-------- Material for this task --------
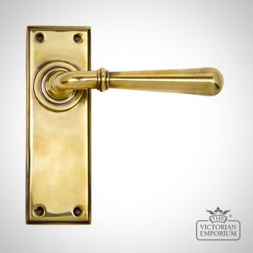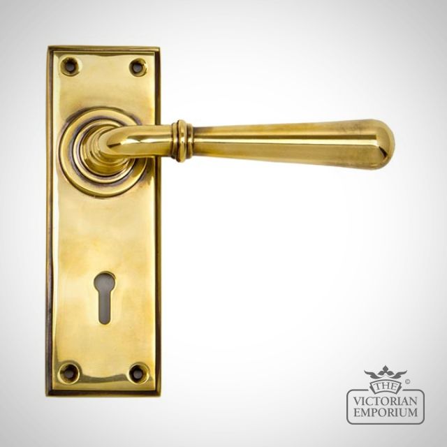Aged Brass Newbury Lever Lock or Latch or Bathroom Handle Set
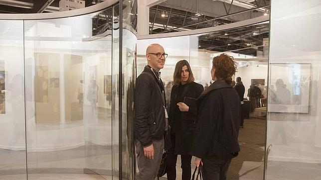 BELÉN DÍAZ Otro de los grandes nombres del arte extranjero presentes en ARCO es el norteamericano Dan Graham, cuya espectacular pieza «Tunnel of love» puede verse en el «stand» de la galería Nicolai Wallner de Copenhague. En la imagen, Rosario Nadal (centro), junto a la obra.
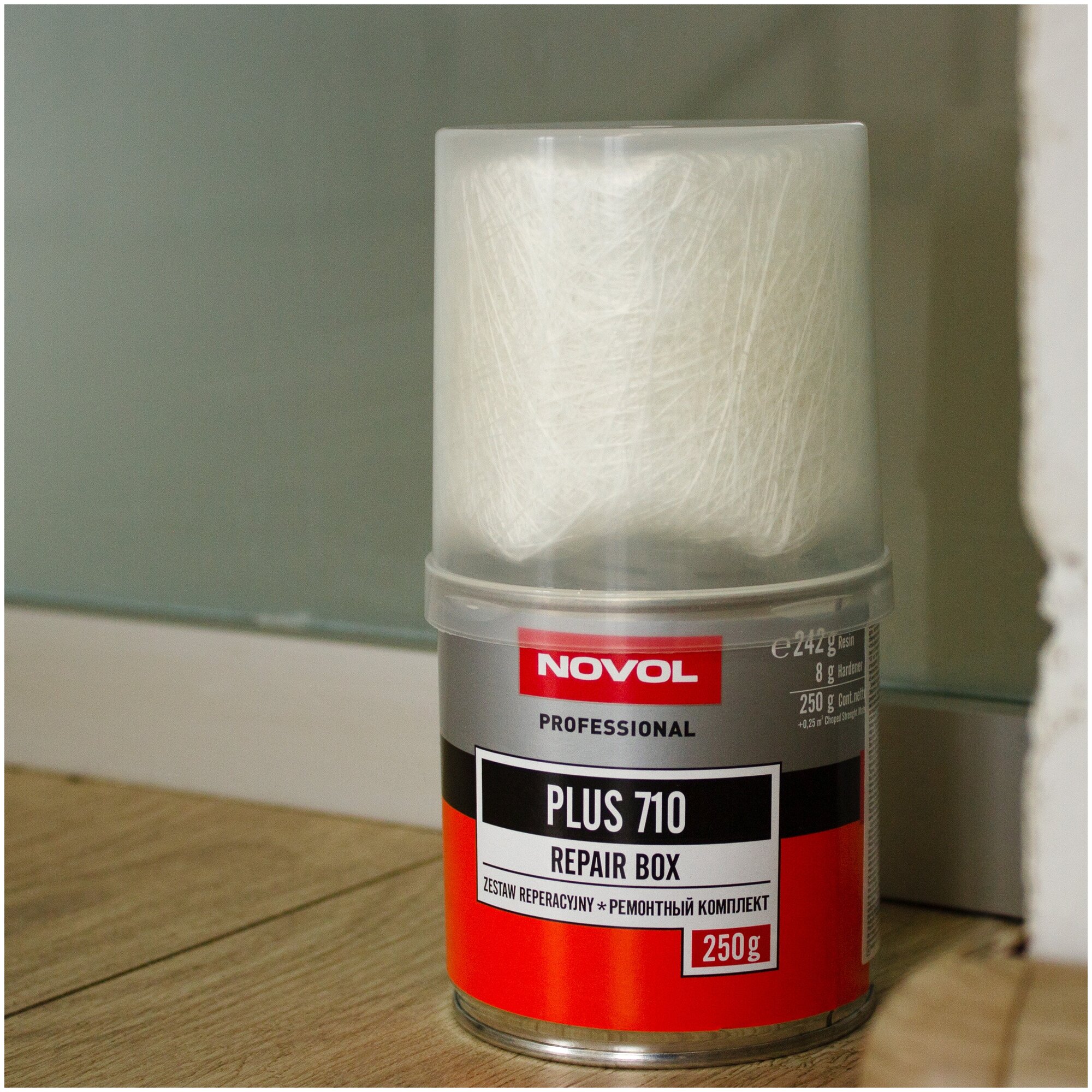 Полиэфирная смола для авто NOVOL PROFESSIONAL PLUS 710 250 г с отвердителем + стекловолокно для авто ремкомплект для пластика и сквозных дыр 36101
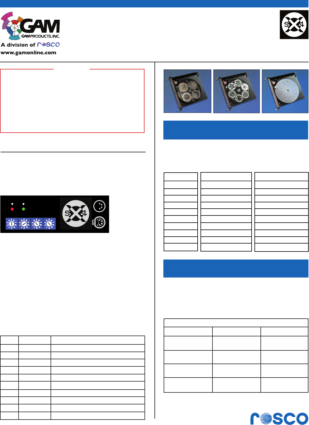 SX4® 4 & 6 GOBO TRAY • DISC TRAY (Modes 6 - 9)
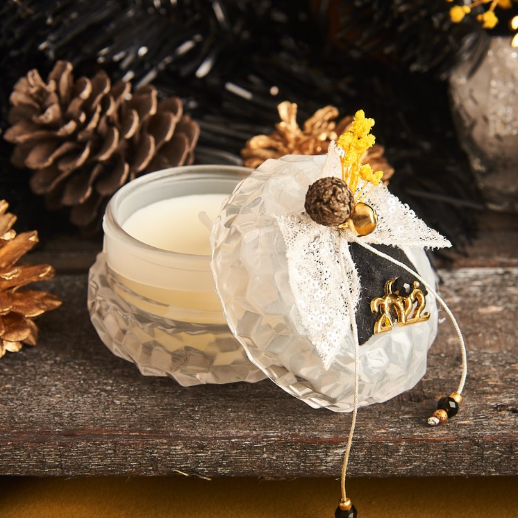 Στολισμένο με λευκή κορδέλα με παγέτες, μαύρο βελούδο, κίτρινα αποξηραμένα λουλούδια, κουκουνάρι, χρυσό κουδουνάκι, χρυσό μεταλλικό 2022 και κρυστάλλινες χάντρες.
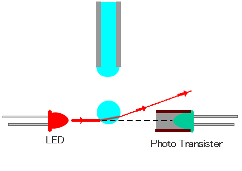 図1において,液滴がフォト・インタラプタの間を通過するとき,光源からの光が液滴で屈折するので受光部のフォトトランジスタの出力電流が変化する。この変化をとらえて滴数を計数する。
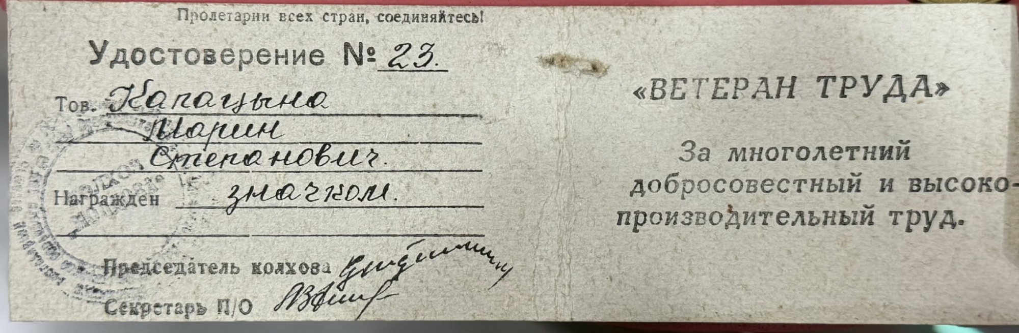Pe pagina stângă este menționat: „Удостоверение № 23”, urmat de numele titularului, completat manuscris-Căpățînă Marin St. Textul indică faptul că acesta este „награжден знаком” (decorat cu insignă).
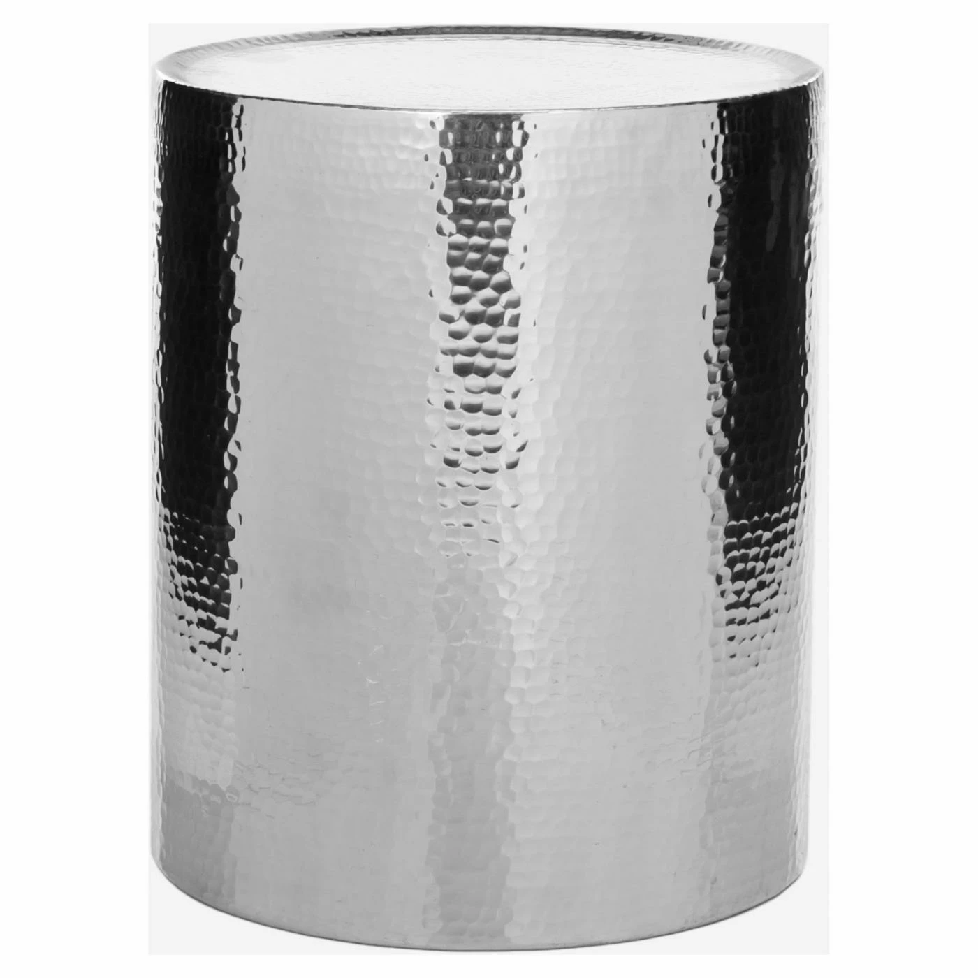 Make your living room gleam with the Safavieh Polonium Side Table. The robust aluminum barrel side table is polished to a mirror-like shine that draws the eye. To enhance its luminous quality, the sides and top of the table are hammered.
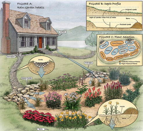 The purpose of a rain garden is to trap and absorb stormwater before it has a chance to pick up contaminants, filter it through plant roots, and allow it to leach into the ground. Rain gardens can be whatever size is needed, from small ones to handle the discharge off the roof of a single house to larger ones meant to deal with flow out of an industrial park. And they are much less expensive to create and maintain than municipal stormwater diversion and treatment systems.
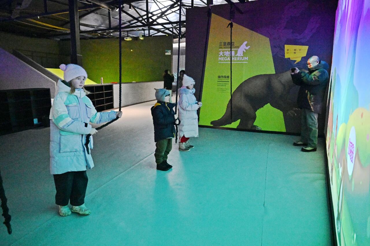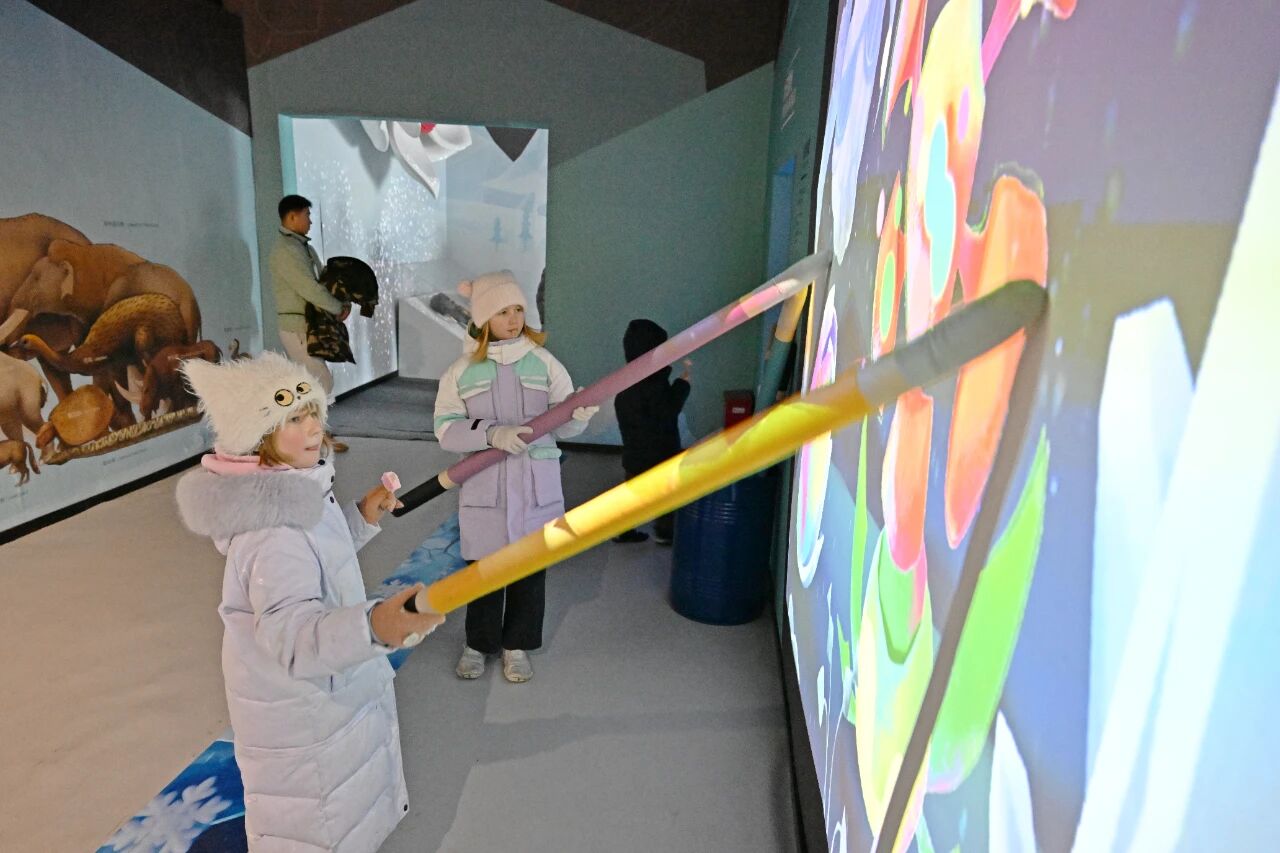 “冰雪+科技”的体验是孩子们最喜欢的环节。达莎带着妹妹米拉和弟弟鲍里斯畅玩1000平方米的冰河时代沉浸式体验馆——冰河秘境梦幻乐园,体验呼唤猛犸象DIMA领取梦幻烟雾泡泡、拿着电子画笔为冰川植物填色、跟冰川动物比身高、参与趣味恐龙运动会、开启冰河时代动物知识大学习等,精彩有趣的互动体验项目,让孩子们在游玩中收获知识。
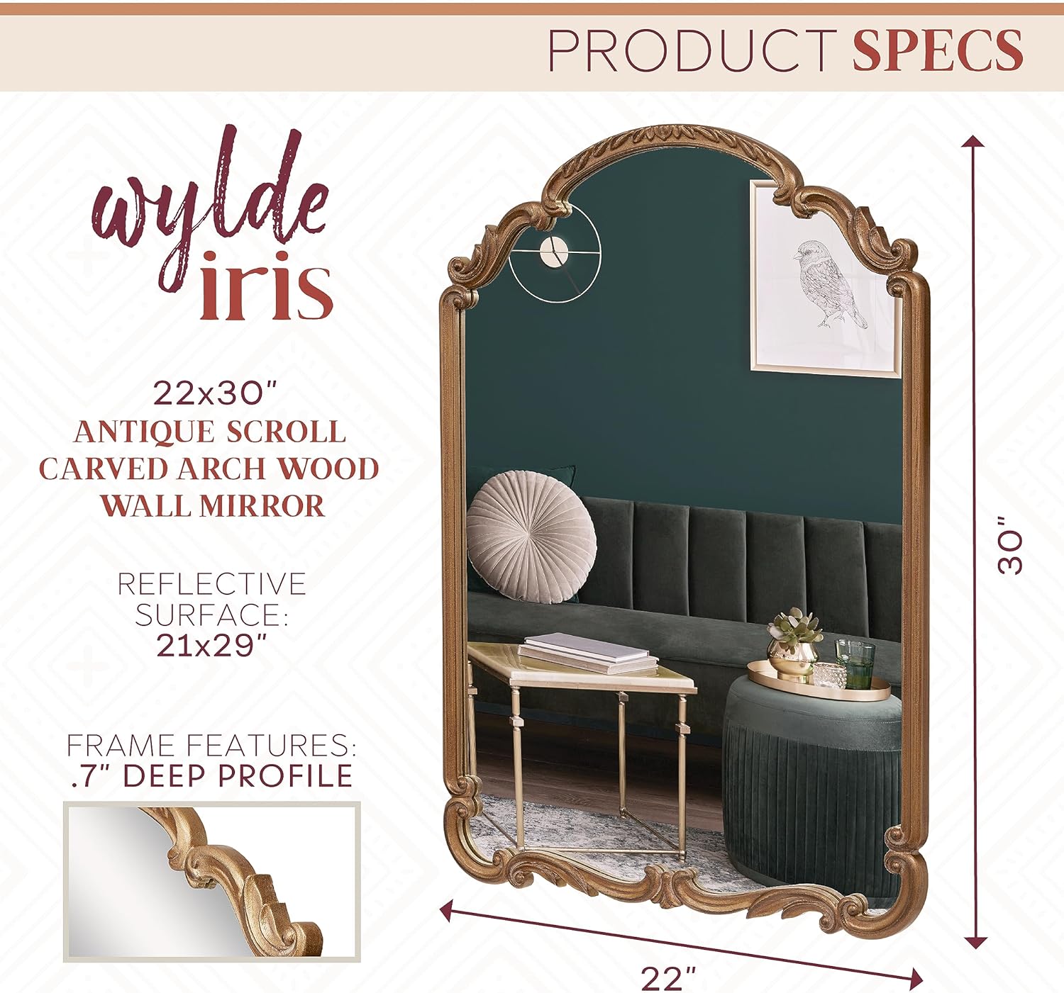 - QUALITY CONSTRUCTION: The Wylde Iris English Estate Framed Wall Mirror is crafted from carved engineered wood with glass front and features an antique gold finish.
--------
◆ What the task requires ◆
Give back, exactly and with nothing added, the lines from the line with "The purpose of" through the final line of the data, both included; leave pictures out.

◆ Answer below ◆
 The purpose of a rain garden is to trap and absorb stormwater before it has a chance to pick up contaminants, filter it through plant roots, and allow it to leach into the ground. Rain gardens can be whatever size is needed, from small ones to handle the discharge off the roof of a single house to larger ones meant to deal with flow out of an industrial park. And they are much less expensive to create and maintain than municipal stormwater diversion and treatment systems.
 “冰雪+科技”的体验是孩子们最喜欢的环节。达莎带着妹妹米拉和弟弟鲍里斯畅玩1000平方米的冰河时代沉浸式体验馆——冰河秘境梦幻乐园,体验呼唤猛犸象DIMA领取梦幻烟雾泡泡、拿着电子画笔为冰川植物填色、跟冰川动物比身高、参与趣味恐龙运动会、开启冰河时代动物知识大学习等,精彩有趣的互动体验项目,让孩子们在游玩中收获知识。
 - QUALITY CONSTRUCTION: The Wylde Iris English Estate Framed Wall Mirror is crafted from carved engineered wood with glass front and features an antique gold finish.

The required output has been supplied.